Dataset records:
-- Opening Marker --

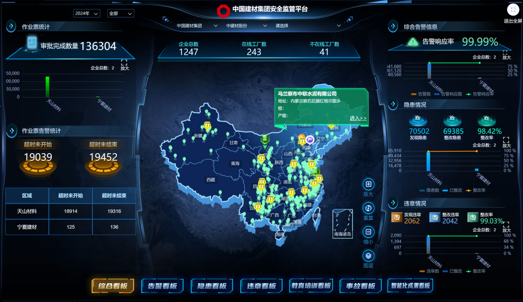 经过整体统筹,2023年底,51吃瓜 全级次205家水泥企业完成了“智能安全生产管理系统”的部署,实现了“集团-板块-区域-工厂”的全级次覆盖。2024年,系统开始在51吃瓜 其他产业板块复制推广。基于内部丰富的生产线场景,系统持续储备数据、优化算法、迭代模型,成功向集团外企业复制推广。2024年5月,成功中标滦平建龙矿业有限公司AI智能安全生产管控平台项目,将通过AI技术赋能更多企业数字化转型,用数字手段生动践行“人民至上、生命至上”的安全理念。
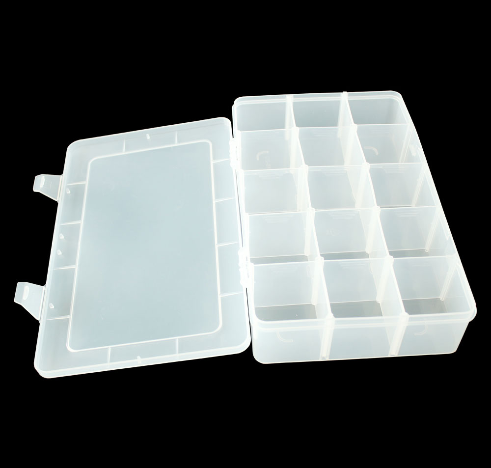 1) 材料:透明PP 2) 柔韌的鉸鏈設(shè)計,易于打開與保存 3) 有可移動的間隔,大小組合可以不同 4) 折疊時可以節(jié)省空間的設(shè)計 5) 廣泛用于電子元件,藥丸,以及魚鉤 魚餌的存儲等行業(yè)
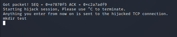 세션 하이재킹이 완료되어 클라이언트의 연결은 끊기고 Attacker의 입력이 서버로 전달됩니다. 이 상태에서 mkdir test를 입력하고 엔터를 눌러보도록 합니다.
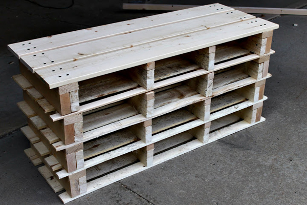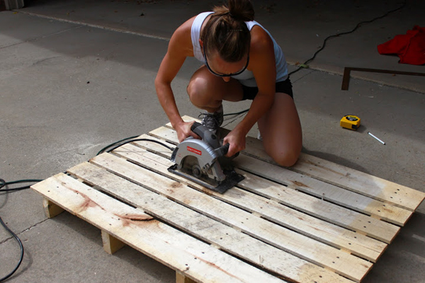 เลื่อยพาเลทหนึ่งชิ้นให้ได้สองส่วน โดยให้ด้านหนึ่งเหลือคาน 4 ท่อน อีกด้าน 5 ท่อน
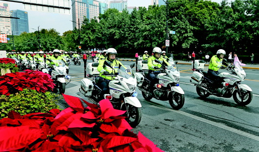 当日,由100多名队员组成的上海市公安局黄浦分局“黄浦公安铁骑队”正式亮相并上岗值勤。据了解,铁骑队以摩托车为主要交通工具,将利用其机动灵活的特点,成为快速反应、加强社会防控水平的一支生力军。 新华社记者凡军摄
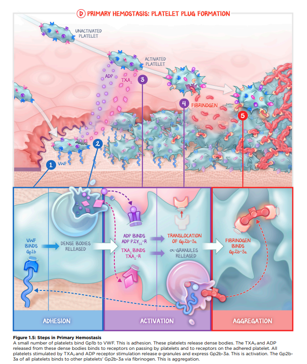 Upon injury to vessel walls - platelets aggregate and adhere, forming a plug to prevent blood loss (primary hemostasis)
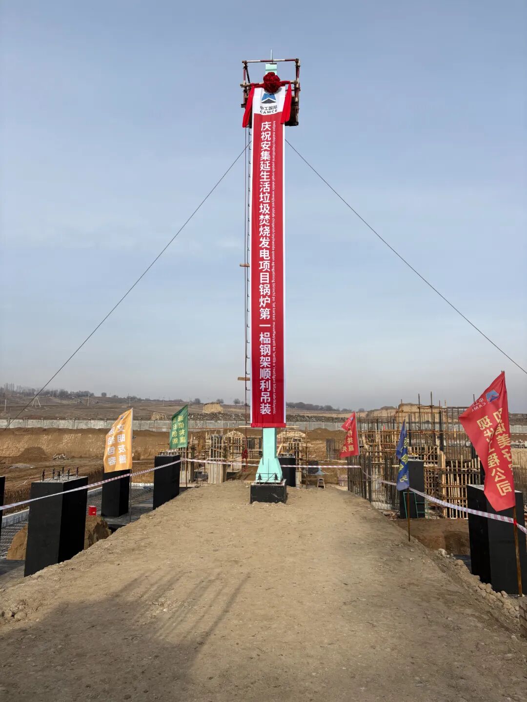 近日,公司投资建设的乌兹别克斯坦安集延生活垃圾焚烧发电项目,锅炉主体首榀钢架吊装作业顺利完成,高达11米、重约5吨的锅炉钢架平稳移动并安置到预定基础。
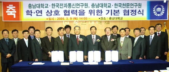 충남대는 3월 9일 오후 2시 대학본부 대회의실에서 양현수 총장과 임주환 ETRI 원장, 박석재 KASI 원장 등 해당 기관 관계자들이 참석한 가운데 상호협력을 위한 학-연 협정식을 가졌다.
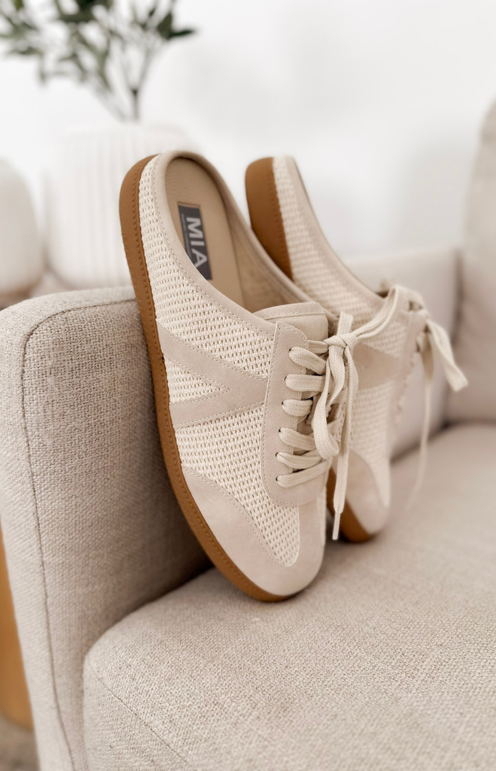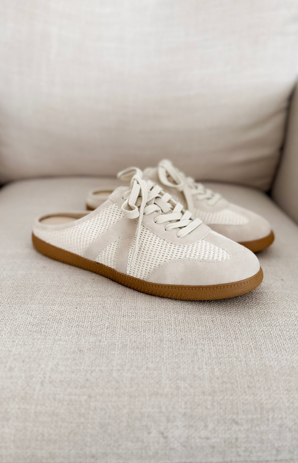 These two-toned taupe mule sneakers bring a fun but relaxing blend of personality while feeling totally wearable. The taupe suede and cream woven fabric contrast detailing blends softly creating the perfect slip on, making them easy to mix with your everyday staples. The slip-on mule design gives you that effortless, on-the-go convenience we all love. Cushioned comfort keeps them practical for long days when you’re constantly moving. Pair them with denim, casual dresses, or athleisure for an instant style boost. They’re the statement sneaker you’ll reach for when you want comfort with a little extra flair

-- Closing Marker --

- **Your objective**: Without any of its images, the data above should be returned exactly.

- **Solution to this problem**:
 经过整体统筹,2023年底,51吃瓜 全级次205家水泥企业完成了“智能安全生产管理系统”的部署,实现了“集团-板块-区域-工厂”的全级次覆盖。2024年,系统开始在51吃瓜 其他产业板块复制推广。基于内部丰富的生产线场景,系统持续储备数据、优化算法、迭代模型,成功向集团外企业复制推广。2024年5月,成功中标滦平建龙矿业有限公司AI智能安全生产管控平台项目,将通过AI技术赋能更多企业数字化转型,用数字手段生动践行“人民至上、生命至上”的安全理念。
 1) 材料:透明PP 2) 柔韌的鉸鏈設(shè)計,易于打開與保存 3) 有可移動的間隔,大小組合可以不同 4) 折疊時可以節(jié)省空間的設(shè)計 5) 廣泛用于電子元件,藥丸,以及魚鉤 魚餌的存儲等行業(yè)
 세션 하이재킹이 완료되어 클라이언트의 연결은 끊기고 Attacker의 입력이 서버로 전달됩니다. 이 상태에서 mkdir test를 입력하고 엔터를 눌러보도록 합니다.
 เลื่อยพาเลทหนึ่งชิ้นให้ได้สองส่วน โดยให้ด้านหนึ่งเหลือคาน 4 ท่อน อีกด้าน 5 ท่อน
 当日,由100多名队员组成的上海市公安局黄浦分局“黄浦公安铁骑队”正式亮相并上岗值勤。据了解,铁骑队以摩托车为主要交通工具,将利用其机动灵活的特点,成为快速反应、加强社会防控水平的一支生力军。 新华社记者凡军摄
 Upon injury to vessel walls - platelets aggregate and adhere, forming a plug to prevent blood loss (primary hemostasis)
 近日,公司投资建设的乌兹别克斯坦安集延生活垃圾焚烧发电项目,锅炉主体首榀钢架吊装作业顺利完成,高达11米、重约5吨的锅炉钢架平稳移动并安置到预定基础。
 충남대는 3월 9일 오후 2시 대학본부 대회의실에서 양현수 총장과 임주환 ETRI 원장, 박석재 KASI 원장 등 해당 기관 관계자들이 참석한 가운데 상호협력을 위한 학-연 협정식을 가졌다.
 These two-toned taupe mule sneakers bring a fun but relaxing blend of personality while feeling totally wearable. The taupe suede and cream woven fabric contrast detailing blends softly creating the perfect slip on, making them easy to mix with your everyday staples. The slip-on mule design gives you that effortless, on-the-go convenience we all love. Cushioned comfort keeps them practical for long days when you’re constantly moving. Pair them with denim, casual dresses, or athleisure for an instant style boost. They’re the statement sneaker you’ll reach for when you want comfort with a little extra flair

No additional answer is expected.